## Data extract:

==============================

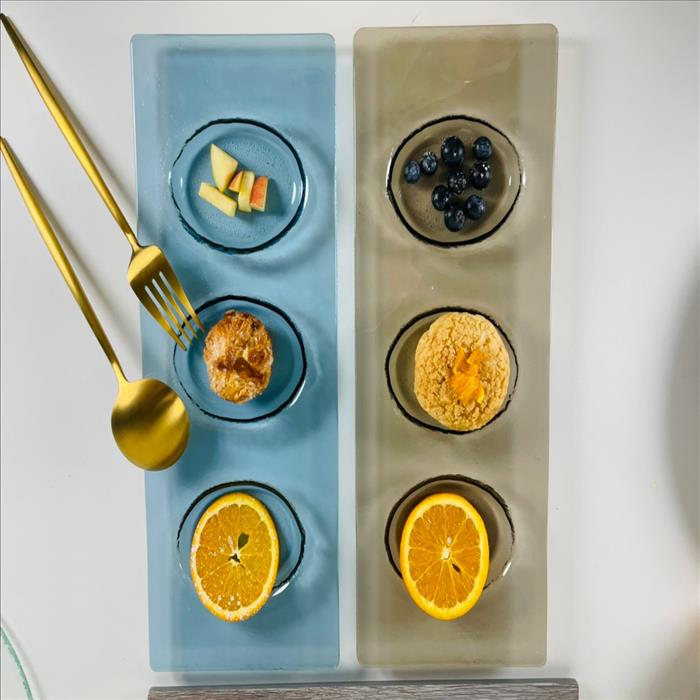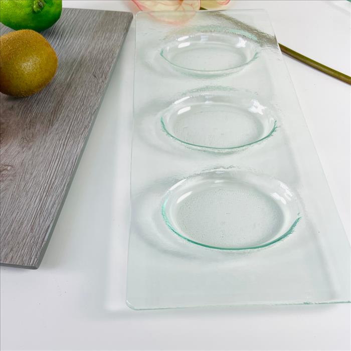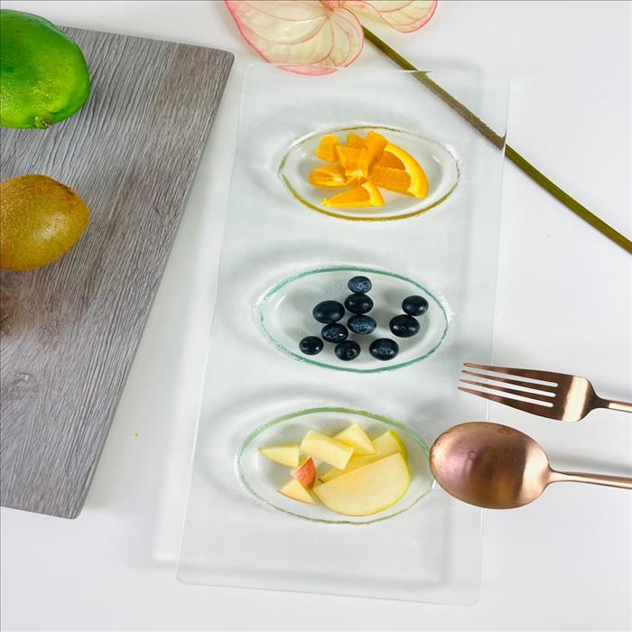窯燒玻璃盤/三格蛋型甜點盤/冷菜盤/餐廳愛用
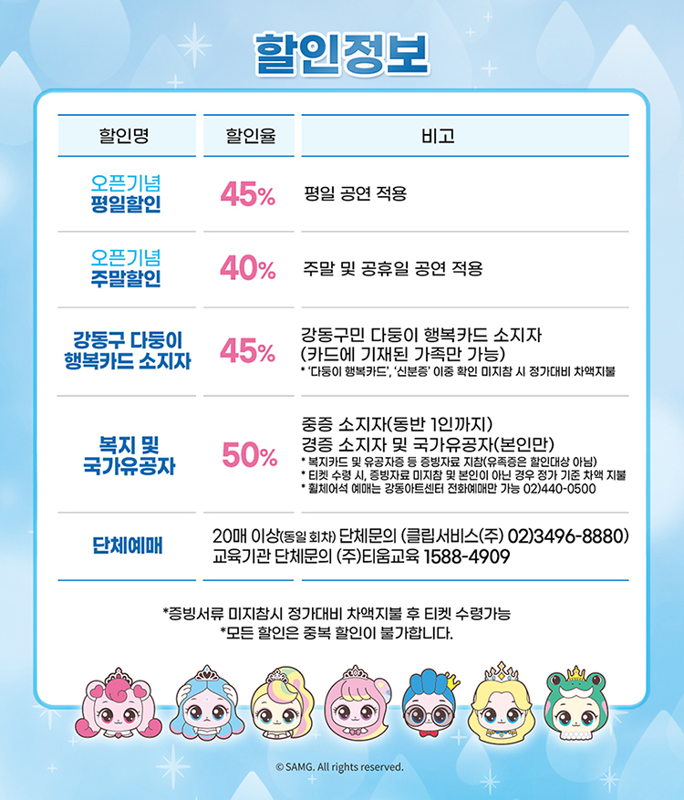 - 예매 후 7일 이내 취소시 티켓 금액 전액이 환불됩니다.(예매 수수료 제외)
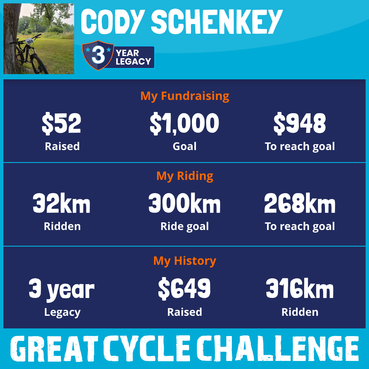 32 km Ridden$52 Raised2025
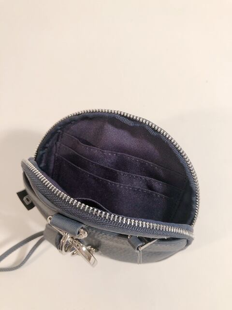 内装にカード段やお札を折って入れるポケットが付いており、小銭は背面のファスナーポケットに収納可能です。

==============================

## Work task:
Word for word, restate the whole listing and drop the images.

## Output of the exercise:
窯燒玻璃盤/三格蛋型甜點盤/冷菜盤/餐廳愛用
 - 예매 후 7일 이내 취소시 티켓 금액 전액이 환불됩니다.(예매 수수료 제외)
 32 km Ridden$52 Raised2025
 内装にカード段やお札を折って入れるポケットが付いており、小銭は背面のファスナーポケットに収納可能です。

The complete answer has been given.